Arts » Theatre Reviews

The Secret Garden

By Colin Thomas,

By Marsha Norman. Music by Lucy Simon. Based on the book by Frances Hodgson Burnett. Directed by David Adams. A Gateway Theatre production.

At the Gateway Theatre until January 2

The musical version of The Secret Garden is about kids but it's not for kids. In this odd piece of theatre, Marsha Norman gives a darkly moody and unnecessarily psychoanalytic treatment to an innocently affecting children's novel.

As both the book and the musical make clear, the abandoned garden, with its potential for renewal, is a metaphor for the grieving heart. A little girl named Mary is orphaned when her parents die of cholera in India. She is sent to live with Archibald Craven, her bitter, hunchbacked uncle, in spooky Misselthwaite Manor on the Yorkshire moors. Traumatized and apparently haughty, she begins to soften when she meets a local boy named Dickon, who converses with animals.

But Mary is still disturbed. She hears crying in the manor house and eventually discovers its source. In a Jane Eyre --like twist, Craven has locked his invalid son away in one of the rooms. Colin Craven's mother, Lily, died giving birth to him; Archibald's unresolved grief has resulted in destructive denial.

Lily left behind a garden, though, and that's where the healing comes from. The walled sanctuary has been locked, but Mary finds the key, and with a robin's help she locates the ivy-covered door. Mary finds her happiness as the three children bring life back to the plants and Colin regains his health.

The suspense-filled searches for the boy and the garden, and their ensuing resurrections, are the main events in Burnett's novel. In Norman's telling, those core narrative elements get short shrift. Colin is quickly discovered, and his healing is perfunctory. Similarly, the garden is easily accessed, and we don't see any of the work that goes into reviving it.

Norman has no time for the mundane mysteries of plot; she much prefers the murkier workings of the human psyche. Rather than concentrating on the incremental, rejuvenating power of nature, she focuses on static grief. Norman's version crowds the stage with the undead, not just Lily, but Mary's mother and father and everybody they knew on the subcontinent.

Norman spends far too much time exploring motivations that are, at most, deftly hinted at in the book, including Dr. Neville Craven's libidinous desire for his brother's wife. Rather than advancing the story, Norman's approach repeats explanations of its dynamics. Instead of showing us Dickon actively engaging with animals, Norman has him sing about spring; Dickon's pagan vitality becomes a concept rather than something to be directly experienced and shared.

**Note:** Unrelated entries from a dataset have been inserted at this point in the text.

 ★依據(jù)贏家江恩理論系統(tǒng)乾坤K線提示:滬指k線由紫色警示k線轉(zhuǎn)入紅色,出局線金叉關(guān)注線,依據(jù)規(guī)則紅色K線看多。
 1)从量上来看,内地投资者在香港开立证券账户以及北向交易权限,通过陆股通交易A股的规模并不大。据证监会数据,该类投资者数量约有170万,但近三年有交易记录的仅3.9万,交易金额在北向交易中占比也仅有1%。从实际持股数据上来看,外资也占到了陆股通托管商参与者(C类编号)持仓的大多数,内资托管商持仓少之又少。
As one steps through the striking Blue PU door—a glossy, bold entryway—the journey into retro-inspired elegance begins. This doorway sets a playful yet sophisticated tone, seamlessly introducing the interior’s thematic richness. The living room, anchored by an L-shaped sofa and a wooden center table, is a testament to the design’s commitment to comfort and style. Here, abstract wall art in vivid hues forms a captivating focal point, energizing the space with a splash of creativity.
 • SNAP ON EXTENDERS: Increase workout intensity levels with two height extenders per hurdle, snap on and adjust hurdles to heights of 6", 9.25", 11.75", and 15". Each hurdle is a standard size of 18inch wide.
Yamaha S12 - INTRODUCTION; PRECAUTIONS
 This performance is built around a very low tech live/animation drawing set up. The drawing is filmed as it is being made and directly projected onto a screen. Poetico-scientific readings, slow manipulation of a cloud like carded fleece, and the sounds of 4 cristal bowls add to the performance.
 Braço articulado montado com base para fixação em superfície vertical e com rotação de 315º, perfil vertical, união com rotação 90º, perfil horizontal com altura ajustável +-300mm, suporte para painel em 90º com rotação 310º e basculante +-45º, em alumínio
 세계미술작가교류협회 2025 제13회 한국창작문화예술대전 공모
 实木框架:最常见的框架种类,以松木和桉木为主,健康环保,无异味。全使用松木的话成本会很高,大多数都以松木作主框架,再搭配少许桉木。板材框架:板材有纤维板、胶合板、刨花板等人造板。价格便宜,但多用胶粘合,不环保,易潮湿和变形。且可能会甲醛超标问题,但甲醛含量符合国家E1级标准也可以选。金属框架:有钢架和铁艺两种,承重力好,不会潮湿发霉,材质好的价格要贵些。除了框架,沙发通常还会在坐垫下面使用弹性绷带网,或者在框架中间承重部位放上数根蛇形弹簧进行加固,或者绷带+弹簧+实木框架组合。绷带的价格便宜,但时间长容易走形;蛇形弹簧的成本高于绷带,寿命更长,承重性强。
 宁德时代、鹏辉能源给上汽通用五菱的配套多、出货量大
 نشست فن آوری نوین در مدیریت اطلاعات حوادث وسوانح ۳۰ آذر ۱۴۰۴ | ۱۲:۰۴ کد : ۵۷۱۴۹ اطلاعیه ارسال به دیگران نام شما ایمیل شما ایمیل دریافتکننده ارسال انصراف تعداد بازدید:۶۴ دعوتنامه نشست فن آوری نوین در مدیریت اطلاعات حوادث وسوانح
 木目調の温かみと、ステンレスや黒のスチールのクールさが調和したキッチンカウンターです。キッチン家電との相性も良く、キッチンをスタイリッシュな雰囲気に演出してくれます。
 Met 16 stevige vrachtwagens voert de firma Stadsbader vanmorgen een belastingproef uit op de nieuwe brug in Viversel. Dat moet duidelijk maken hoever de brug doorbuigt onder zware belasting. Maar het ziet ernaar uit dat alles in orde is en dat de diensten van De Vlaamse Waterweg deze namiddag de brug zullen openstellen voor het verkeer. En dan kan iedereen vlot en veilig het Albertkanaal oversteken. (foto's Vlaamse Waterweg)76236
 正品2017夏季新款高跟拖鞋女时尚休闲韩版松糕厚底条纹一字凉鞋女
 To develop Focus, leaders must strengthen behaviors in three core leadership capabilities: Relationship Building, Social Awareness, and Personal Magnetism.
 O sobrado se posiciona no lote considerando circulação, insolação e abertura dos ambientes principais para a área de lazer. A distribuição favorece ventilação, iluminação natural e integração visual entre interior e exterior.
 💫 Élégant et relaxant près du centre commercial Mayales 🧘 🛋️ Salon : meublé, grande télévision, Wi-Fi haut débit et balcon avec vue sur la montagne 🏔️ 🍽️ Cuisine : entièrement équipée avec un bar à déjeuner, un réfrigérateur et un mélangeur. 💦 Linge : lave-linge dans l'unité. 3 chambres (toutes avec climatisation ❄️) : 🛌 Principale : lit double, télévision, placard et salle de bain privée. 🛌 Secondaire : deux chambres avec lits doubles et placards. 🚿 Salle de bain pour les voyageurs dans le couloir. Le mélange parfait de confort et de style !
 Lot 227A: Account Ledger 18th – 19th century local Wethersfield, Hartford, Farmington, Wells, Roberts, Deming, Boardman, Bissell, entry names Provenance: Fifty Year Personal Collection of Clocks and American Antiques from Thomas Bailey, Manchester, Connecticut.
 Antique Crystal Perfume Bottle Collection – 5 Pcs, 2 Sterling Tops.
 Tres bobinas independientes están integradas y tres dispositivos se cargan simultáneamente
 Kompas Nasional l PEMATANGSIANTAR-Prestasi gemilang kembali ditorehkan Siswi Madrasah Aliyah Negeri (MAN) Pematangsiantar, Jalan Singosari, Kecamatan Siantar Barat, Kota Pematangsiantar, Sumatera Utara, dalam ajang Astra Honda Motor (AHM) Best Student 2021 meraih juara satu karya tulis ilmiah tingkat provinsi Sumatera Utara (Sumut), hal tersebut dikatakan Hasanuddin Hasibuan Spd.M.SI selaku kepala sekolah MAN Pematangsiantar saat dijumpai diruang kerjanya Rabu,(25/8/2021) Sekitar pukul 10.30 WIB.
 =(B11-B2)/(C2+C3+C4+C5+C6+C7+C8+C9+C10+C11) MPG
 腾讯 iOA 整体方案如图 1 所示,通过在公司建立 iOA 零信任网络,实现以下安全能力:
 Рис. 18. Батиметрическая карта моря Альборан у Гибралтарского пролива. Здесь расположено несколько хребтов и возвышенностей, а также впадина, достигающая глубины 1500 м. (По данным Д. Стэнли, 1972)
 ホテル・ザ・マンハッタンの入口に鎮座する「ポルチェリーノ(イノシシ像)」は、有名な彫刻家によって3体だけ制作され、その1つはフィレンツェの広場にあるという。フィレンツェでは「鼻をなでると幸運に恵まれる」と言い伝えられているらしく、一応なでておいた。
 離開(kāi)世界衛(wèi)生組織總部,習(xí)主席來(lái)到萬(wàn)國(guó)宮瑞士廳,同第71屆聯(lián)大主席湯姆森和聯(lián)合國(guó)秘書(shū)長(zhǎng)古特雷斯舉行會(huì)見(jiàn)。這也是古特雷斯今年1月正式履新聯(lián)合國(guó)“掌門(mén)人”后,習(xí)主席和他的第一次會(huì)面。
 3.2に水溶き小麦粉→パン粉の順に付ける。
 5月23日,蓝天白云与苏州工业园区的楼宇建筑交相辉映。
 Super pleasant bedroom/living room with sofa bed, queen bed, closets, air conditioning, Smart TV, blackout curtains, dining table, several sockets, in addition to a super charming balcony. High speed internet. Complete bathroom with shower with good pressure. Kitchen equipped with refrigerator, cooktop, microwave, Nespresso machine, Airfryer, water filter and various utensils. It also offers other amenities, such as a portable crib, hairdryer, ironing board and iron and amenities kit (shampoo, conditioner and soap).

So I don't much like the material, but in many ways, this production is admirable. With his jubilant tenor and saucy presence, Jeremy Crittenden is magnetic as Dickon. John Payne is gruffly charming--and in equally fine voice--as Ben, the old gardener. These two actors also sport accurate Yorkshire accents, unlike Alison MacDonald, who plays Dickon's sister, Martha, a young serving woman. A girl named Natalia Sudeyko makes a credible and wittily petulant Colin, and Ashley Macdonald sings very well and delivers a workable acting performance as Mary. Evelyn Thatcher plays Lily, and in a cast that features many strong voices, her liquid soprano stands out.

In Phillip Tidd's handsome set, the dead white marble of Misselthwaite is shot through with the promise of green. But the set's transformation, in which characters attach fake flowers to a few surfaces, is underwhelming.

Shane Droucker's vividly expressionist lighting makes a good match with Norman's associative script, but it's so mechanized and busy that many times the sense it conjures feels closer to a disco than a moor.

This Gateway production serves the terms of the musical, but I find those terms alienating.